Gaara akhirnya memberikan sebuah kecupan di pipi istri pirangnya. Bersamaan dengan itu, tangannya mengelus lembut perut istrinya untuk menyapa sang buah hati. Ia ingat betul bagaimana air matanya turun tanpa di perintah begitu Ino memberitahu kalau ia tengah hamil dan mengandung anaknya. Rasa bahagia tidak bisa ia bendung sampai memeluk Ino terlalu erat sampai istrinya merasa sesak, kemudian secepat kilat melepaskan pelukannya karena takut anaknya ikut merasa sakit akibat tekanan berlebih yang diberikannya. Hal itu membuat Ino tertawa melihat tingkah menggemaskan calon ayah itu.

.

.

.

Selesai makan malam, Gaara memilih untuk membaca berkas tentang proyek pembangunan dam air yang kemarin mereka rapatkan. Kendala terkait bahan baku yang kurang karena belum tiba dari Iwagakure menjadi salah satu penyebabnya. Gaara duduk bersila di atas tempat tidur sambil menyandarkan punggungnya pada kepala tempat tidur. Ia hanya mengenakan celana tidurnya. Seperti biasa Gaara tidak pernah mengenakan atasan saat tidur. Kecuali ia sedang di Konoha dan sedang musim dingin disana. Tangannya memegang berkas yang sore tadi diberikan oleh Baki untuk diperiksanya. Ino yang baru selesai mandi sudah siap dengan gaun tidurnya. Ia tengah menyisir surai panjangnya, salah satu kebiasaannya sebelum tidur. Sejak mereka menikah, Ino memberikan sentuhan dekorasi di rumah yang membuat rumah yang sebelumnya sepi, kini benar-benar terlihat seperti rumah. Termasuk sebuah meja rias sederhana dengan kaca berukuran sedang yang kini ada di kamar mereka. Selesai dengan dengan kegiatannya itu, Ino bangkit dan naik ke tempat tidur. Namun bukannya berbaring seperti biasa, Ino malah mendudukkan dirinya di pangkuan sang suami. Tangannya melingkari leher Gaara dan menyandarkan dagunya pada pundak Gaara.

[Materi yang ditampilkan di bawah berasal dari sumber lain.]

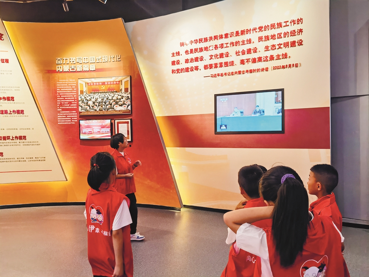 “石榴籽讲解员”在伊金霍洛旗铸牢中华民族共同体意识展览馆进行讲解。

Gaara memilih meletakkan berkas ditangannya ke meja kecil di samping tempat tidur. Akibat kejadian tadi pagi, Gaara menyempatkan diri untuk membaca buku seputar kehamilan yang ada di perpustakaan Suna. Meskipun sudah dijelaskan dengan sederhana oleh Asame, namun dengan membaca buku tersebut kini Gaara benar-benar mengerti akan situasi yang disebut mengidam itu. Entah kenapa Gaara merasa hal itu merupakan bentuk komunikasi yang dilakukan oleh calon bayi mereka agar mendapat perhatian dari ayahnya, dalam kasus ini adalah Gaara sendiri. Dan Gaara mendapati dirinya merasa tidak keberatan bahkan ia merasa senang. Setelah meletakkan berkasnya, Gaara membalas pelukan Ino dengan melingkarkan tangannya pada pinggang sang istri.

"Ada apa, hm?" tanya Gaara. Ino tidak menjawab masih betah dengan kenyamanan yang didapatnya di lekuk leher sang suami.

"Ino?" panggil Gaara lagi.

"Aku hanya ingin seperti ini."

"Hn." Tangan kanan Gaara naik dan mengusap lembut punggung Ino membuat kenyamanan kian melingkupi Ino.

"Anata, apa kau sedang sibuk akhir-akhir ini?" tanya Ino kemudian.

"Lumayan. Kenapa?"

"Benarkah. Kalau begitu tidak jadi."

"Ada apa? Katakanlah."

Ino diam sejenak. Seolah ragu untuk mengatakan maksudnya. Namun kemudian ia melepaskan pelukannya di leher suaminya itu dan menatap Gaara.

"Umm. Sebenarnya aku ingin kita ke Konoha."

"Kau merindukan ibu?" tanya Gaara. Ino menggeleng.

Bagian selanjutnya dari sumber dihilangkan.